Прошло, да не отошло. Эге.
Недавно я листал свитки Аввакума, выискивая какое-нибудь напутствие в дорогу, и среди прочего нашел маргиналию[337] Нахмана из Брацлава:
Пройдет неделя от сего рассвета, и Алекса, осмелившись, наконец спросит о том, что волновало его сердце:
«У вас… так и не было жены? Живете спокон веку один?»
Что я мог ему ответить. Разве что спрятаться за слова:
Сие будет позже. А ныне… Мы недолго постояли на круче с той стороны, я поклонился:
«Оставайся в мире, земля обетованная, а нам стели ровный путь».
«Землей обетованной» называл наши края Божий человек, поведал я Алексе. А что коренится в этом названии (видел я его озадаченность) — на то я имел достаточно времени впереди, чтобы разгадать хитроумную сущность. Не менее удивляло парня и то, что отправились мы чуть ли не с пустыми руками. У меня тайстра через плечо с девичьими цацками, у него — плетенка с Марковцием. А за плечами — скрутки шерстяных петеков[338]. И все. Хотя меня и это тяготило.
Стояла рань самого петровского солнцестоя. В такое время воздухи на реке серебряные и мокристые.

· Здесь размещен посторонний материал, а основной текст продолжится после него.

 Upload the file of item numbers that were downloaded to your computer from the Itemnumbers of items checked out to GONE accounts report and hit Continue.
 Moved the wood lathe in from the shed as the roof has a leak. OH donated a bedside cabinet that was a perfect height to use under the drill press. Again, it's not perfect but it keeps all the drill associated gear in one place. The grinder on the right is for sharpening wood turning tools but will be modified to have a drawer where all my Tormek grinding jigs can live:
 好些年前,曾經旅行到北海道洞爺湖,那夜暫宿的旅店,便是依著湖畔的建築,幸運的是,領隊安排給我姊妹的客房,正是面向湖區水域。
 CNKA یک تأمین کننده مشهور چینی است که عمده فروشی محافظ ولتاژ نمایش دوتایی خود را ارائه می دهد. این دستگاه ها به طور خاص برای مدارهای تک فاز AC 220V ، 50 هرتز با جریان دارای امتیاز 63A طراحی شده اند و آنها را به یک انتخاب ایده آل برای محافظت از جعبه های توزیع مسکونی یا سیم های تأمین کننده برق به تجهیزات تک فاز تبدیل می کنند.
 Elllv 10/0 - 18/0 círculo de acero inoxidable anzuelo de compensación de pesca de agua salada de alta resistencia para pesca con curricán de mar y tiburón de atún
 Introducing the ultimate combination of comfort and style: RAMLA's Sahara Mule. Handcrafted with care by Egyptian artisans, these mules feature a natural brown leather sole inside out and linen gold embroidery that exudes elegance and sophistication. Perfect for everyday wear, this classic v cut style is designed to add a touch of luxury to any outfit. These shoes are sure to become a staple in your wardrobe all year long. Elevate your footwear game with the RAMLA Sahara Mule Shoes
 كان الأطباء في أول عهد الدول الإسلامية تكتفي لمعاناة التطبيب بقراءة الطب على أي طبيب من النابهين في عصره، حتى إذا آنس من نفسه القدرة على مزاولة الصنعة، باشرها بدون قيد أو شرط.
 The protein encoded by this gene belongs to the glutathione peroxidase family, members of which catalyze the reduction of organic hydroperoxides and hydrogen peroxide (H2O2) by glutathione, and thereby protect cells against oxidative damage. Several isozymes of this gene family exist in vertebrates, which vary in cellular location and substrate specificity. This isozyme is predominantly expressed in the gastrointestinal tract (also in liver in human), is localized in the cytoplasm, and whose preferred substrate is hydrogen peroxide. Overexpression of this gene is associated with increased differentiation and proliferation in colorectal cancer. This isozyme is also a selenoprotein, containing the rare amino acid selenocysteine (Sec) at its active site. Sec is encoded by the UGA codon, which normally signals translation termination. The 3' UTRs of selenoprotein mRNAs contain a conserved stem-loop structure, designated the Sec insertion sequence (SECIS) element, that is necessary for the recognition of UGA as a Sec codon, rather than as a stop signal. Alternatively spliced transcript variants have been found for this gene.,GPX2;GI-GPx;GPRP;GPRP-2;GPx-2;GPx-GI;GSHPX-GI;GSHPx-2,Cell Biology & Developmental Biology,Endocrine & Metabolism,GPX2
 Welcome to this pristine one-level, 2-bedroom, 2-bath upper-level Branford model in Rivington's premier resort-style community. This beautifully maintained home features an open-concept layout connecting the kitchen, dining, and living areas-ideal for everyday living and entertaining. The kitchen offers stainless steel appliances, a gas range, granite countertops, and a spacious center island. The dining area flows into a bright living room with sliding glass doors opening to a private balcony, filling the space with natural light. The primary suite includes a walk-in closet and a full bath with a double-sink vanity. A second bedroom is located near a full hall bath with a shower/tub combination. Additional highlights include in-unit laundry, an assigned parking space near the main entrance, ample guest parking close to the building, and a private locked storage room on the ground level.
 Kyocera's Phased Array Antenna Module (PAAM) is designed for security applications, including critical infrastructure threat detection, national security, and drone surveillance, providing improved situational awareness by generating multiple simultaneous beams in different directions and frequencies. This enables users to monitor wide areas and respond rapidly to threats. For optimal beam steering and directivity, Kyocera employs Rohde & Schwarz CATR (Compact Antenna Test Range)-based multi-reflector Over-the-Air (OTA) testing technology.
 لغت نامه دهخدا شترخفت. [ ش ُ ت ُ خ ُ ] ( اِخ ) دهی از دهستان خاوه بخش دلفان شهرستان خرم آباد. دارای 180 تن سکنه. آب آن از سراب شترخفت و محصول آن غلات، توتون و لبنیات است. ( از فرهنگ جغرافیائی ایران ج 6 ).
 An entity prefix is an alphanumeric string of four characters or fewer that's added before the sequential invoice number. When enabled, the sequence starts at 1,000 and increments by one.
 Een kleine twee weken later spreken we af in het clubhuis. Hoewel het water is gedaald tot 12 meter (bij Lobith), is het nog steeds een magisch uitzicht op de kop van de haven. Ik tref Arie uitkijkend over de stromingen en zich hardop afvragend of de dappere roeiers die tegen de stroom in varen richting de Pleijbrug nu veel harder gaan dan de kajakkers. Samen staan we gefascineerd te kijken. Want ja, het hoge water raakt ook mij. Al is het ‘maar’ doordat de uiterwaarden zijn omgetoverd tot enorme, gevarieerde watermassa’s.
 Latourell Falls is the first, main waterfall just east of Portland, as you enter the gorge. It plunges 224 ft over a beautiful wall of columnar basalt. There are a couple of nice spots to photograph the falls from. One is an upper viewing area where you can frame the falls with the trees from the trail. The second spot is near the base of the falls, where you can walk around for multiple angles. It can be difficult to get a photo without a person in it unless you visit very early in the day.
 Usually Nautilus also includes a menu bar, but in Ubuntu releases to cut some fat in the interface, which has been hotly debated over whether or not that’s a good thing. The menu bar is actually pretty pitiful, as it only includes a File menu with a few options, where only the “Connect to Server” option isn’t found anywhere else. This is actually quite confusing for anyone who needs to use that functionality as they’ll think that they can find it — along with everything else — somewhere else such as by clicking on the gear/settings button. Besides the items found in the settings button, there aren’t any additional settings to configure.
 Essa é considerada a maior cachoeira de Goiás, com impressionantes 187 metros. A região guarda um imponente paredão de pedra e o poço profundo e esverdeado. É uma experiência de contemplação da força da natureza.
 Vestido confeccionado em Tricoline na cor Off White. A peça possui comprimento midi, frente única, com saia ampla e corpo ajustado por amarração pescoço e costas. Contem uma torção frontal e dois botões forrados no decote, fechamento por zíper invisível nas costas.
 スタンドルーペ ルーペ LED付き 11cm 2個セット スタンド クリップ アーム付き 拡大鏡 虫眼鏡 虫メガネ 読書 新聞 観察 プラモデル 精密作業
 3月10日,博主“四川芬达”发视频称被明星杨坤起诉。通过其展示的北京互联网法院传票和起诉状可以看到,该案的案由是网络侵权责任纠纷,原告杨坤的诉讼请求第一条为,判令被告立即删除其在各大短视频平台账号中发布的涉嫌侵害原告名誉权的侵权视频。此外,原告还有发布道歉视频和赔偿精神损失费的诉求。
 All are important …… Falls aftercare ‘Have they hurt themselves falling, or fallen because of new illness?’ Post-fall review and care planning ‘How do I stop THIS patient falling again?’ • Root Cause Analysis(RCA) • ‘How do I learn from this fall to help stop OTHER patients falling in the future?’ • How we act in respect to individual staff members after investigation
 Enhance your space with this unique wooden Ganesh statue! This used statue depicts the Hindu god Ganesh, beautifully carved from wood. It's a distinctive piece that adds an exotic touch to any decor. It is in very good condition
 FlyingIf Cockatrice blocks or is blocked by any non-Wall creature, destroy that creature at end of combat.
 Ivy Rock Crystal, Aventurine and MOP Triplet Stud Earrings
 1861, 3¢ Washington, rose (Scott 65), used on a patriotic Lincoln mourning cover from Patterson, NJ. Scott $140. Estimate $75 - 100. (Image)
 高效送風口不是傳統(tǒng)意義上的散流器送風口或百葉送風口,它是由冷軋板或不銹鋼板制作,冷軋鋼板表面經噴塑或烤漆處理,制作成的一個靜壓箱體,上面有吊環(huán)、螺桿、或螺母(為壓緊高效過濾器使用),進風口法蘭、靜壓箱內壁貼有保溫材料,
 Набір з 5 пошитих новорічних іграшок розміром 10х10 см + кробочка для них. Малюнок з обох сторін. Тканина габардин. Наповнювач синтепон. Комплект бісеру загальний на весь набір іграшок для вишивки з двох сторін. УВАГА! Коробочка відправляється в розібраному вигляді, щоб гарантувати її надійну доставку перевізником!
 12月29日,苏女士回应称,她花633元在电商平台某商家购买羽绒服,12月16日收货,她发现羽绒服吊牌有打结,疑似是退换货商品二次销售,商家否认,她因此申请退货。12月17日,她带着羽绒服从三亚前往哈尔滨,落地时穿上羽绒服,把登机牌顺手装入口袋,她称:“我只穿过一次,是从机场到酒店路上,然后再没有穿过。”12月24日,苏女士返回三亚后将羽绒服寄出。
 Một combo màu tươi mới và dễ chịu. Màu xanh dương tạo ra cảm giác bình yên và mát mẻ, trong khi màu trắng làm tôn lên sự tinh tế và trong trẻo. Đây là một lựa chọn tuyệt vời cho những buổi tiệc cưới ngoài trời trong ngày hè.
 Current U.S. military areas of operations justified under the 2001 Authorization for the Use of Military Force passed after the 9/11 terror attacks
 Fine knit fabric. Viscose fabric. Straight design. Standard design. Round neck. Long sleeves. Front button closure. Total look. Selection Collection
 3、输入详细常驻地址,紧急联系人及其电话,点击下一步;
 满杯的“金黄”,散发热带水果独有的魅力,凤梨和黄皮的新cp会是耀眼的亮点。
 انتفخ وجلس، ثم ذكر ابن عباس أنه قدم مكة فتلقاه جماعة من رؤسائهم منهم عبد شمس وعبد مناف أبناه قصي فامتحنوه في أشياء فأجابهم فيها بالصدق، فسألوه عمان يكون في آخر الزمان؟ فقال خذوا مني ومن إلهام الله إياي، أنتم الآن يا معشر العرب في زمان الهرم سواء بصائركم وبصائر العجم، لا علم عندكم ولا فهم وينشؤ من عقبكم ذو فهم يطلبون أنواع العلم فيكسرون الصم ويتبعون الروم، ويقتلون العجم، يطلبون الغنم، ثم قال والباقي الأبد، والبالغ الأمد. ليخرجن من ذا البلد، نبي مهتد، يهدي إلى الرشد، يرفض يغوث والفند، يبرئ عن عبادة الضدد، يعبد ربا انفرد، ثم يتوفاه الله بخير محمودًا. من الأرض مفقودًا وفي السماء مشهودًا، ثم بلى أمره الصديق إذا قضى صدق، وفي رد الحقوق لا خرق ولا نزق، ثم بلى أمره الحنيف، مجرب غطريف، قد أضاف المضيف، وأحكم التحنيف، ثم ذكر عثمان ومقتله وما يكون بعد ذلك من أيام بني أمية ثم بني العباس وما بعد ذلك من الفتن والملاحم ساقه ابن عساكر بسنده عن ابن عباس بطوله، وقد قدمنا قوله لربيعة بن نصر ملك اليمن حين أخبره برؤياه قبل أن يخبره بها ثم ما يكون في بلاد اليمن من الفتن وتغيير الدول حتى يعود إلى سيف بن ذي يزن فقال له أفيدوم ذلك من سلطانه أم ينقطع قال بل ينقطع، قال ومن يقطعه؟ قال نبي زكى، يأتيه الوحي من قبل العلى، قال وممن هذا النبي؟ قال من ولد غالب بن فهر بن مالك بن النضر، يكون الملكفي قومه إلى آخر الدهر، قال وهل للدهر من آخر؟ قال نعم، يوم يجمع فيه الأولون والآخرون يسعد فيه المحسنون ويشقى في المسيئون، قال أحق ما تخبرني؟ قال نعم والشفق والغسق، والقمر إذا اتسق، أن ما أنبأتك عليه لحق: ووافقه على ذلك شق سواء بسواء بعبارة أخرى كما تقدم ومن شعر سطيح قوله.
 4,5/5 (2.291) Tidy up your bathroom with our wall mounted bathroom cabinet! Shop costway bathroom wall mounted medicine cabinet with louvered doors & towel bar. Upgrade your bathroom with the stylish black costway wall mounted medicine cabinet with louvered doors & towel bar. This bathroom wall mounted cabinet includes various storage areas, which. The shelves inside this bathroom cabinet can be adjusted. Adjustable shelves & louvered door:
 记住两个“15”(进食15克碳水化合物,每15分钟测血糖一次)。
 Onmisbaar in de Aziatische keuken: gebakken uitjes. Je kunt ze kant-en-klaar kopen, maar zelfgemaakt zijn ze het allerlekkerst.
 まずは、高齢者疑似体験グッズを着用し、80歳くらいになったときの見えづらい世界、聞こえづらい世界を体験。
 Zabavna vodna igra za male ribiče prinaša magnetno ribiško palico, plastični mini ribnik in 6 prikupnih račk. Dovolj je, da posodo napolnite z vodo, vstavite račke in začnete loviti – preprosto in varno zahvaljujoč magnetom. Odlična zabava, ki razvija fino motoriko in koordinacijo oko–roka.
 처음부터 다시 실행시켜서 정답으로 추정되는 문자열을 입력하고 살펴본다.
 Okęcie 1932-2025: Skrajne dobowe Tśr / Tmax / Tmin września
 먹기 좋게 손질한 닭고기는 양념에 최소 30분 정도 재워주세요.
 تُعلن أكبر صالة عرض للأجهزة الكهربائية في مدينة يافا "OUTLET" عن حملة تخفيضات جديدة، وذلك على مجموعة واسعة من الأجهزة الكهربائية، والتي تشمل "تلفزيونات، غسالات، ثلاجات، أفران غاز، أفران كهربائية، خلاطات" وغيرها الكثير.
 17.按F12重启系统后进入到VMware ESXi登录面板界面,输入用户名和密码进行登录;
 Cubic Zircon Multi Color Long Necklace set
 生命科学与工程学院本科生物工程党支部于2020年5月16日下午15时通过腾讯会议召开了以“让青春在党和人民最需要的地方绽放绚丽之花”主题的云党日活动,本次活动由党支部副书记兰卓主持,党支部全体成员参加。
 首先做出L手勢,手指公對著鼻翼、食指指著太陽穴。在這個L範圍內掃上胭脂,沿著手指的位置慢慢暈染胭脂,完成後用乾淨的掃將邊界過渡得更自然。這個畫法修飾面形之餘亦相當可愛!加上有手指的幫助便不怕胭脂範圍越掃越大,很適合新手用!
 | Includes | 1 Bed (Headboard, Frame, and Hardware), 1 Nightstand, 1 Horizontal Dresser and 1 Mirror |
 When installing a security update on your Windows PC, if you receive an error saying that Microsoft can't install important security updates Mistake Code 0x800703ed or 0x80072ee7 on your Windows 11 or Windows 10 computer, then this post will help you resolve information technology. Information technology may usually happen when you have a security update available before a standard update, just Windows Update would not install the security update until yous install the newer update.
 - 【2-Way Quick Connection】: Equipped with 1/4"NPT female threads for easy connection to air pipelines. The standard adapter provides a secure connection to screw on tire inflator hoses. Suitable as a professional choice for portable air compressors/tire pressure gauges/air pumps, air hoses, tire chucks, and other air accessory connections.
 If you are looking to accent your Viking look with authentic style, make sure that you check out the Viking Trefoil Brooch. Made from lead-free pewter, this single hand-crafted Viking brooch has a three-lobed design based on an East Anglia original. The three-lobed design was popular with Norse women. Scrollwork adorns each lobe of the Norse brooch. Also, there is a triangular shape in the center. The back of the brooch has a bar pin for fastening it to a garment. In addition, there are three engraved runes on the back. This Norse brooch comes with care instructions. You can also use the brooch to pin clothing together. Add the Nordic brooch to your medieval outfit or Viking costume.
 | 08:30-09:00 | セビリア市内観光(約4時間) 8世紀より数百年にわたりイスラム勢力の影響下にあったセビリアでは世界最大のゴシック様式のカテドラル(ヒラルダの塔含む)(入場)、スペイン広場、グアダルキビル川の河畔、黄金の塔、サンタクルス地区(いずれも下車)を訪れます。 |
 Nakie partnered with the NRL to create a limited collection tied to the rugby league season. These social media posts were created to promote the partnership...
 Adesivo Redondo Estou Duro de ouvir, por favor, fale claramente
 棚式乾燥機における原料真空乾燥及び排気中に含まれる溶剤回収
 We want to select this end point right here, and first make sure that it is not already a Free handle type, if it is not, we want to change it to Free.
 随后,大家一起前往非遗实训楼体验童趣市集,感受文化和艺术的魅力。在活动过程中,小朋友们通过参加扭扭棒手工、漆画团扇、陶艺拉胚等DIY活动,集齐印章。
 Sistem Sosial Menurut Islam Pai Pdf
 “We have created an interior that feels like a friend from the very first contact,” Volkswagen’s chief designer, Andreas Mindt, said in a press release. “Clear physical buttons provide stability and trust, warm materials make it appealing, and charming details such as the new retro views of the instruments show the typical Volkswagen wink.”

А сама вода бурая, еще дурманно-сонная. Через какую-то минуту первые солнечные блестки скользнут по ней, как по свинцовой скамье. Серость осядет на дно, а низкое небо подсинит водную гладь. Свет молодого дня вытащит из песчаного дна зеленавость — прохладную, пенистую и острую. Я дождался того момента, потому что именно такая река течет в моих жилах. И такую я хотел забрать ее с собой.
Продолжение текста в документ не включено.